Here, many of us do our best to support local businesses and small scale manufacturers of our equipment both as a means to support good people and to seek quality items. This will never put Wal-Mart out of business, or BlackHawk, or anyone else, but we still do it because it is right.

Do we not, by the same token, encourage companies to continue supporting the people selling these conflict minerals if we choose to buy the end product? Can we choose to also support only companies who do not use these sources as a way of quietly defending what is right? This doesn't necessarily make us liberal hippies.

I understand Chinese demand and that of many other countries is a huge force on the global market, but again, defeatism of saying "Hey look, there's no point in blaming me or in me changing my behavior, because these people aren't gonna do it too," is not the way I was trained and not the way I was brought up. I am willing to risk that it is certainly not the way a Special Forces Soldier is trained.

We don't buy items from Cuba and bring them to America. The President seeks to change this and improve relations and the members of this board are upset at a slap in the face to American policy and standing in the world that has been established for 40 years. Yet the reason we don't buy them is boiled down to the same reasons we would choose not to except materials from the Congo. Yet now the responding members see it as "blaming" and "socialism."

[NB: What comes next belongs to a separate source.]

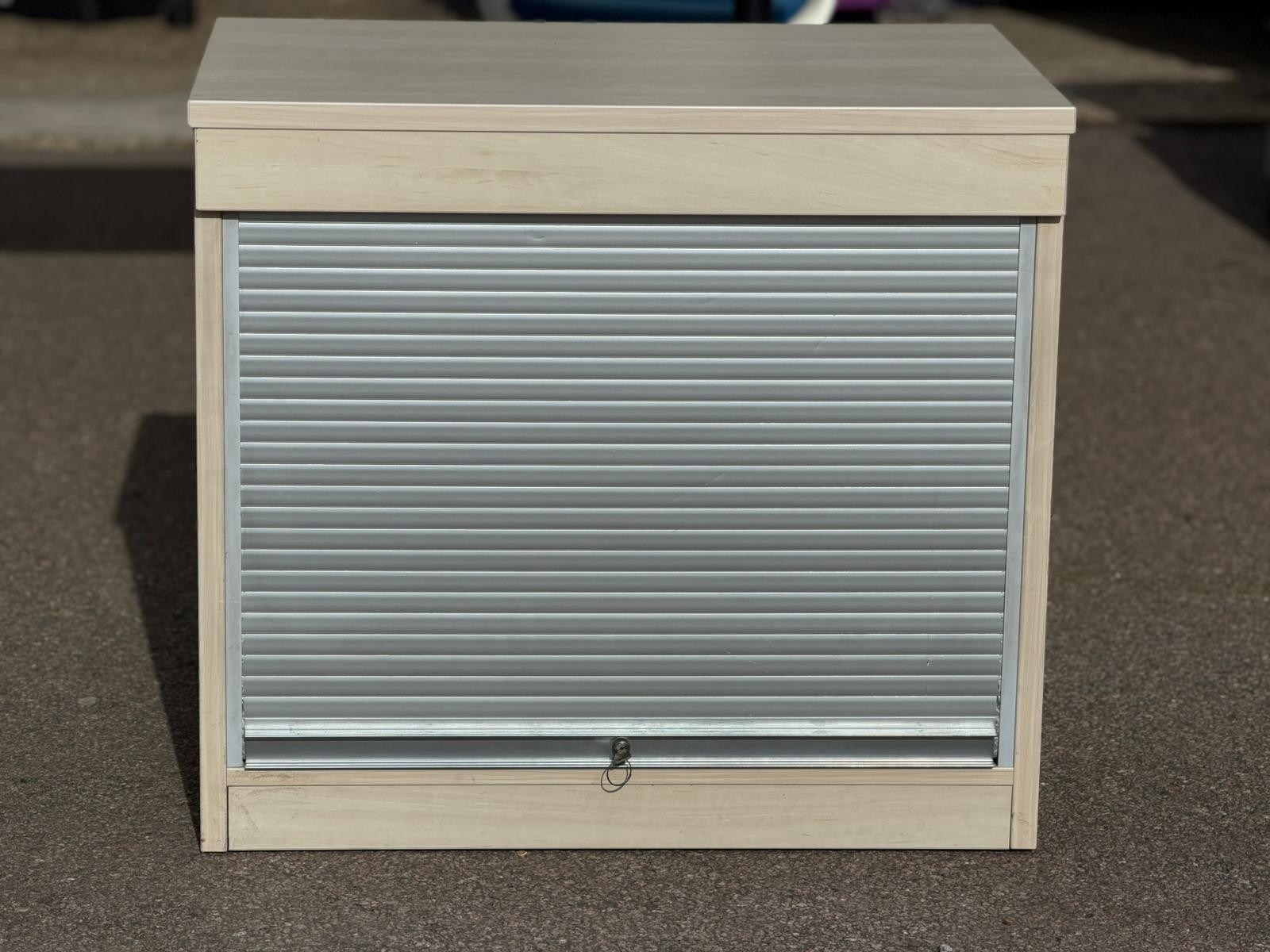 Practical low-height office storage cupboard with a lockable tambour (roll-front) door — ideal for files, stationery, IT equipment, printers, or general workplace storage.

Personally, I feel there is a disconnect here. I am interested in the responses this post could generate.
__________________
For Americans war is almost all of the time a nuisance, and military skill is a luxury like Mah-Jongg. But when the issue is brought home to them, war becomes as important, for the necessary period, as business or sport. And it is hard to decide which is likely to be the more ominous for the [terrorists] -- an American decision that this is sport, or that it is business.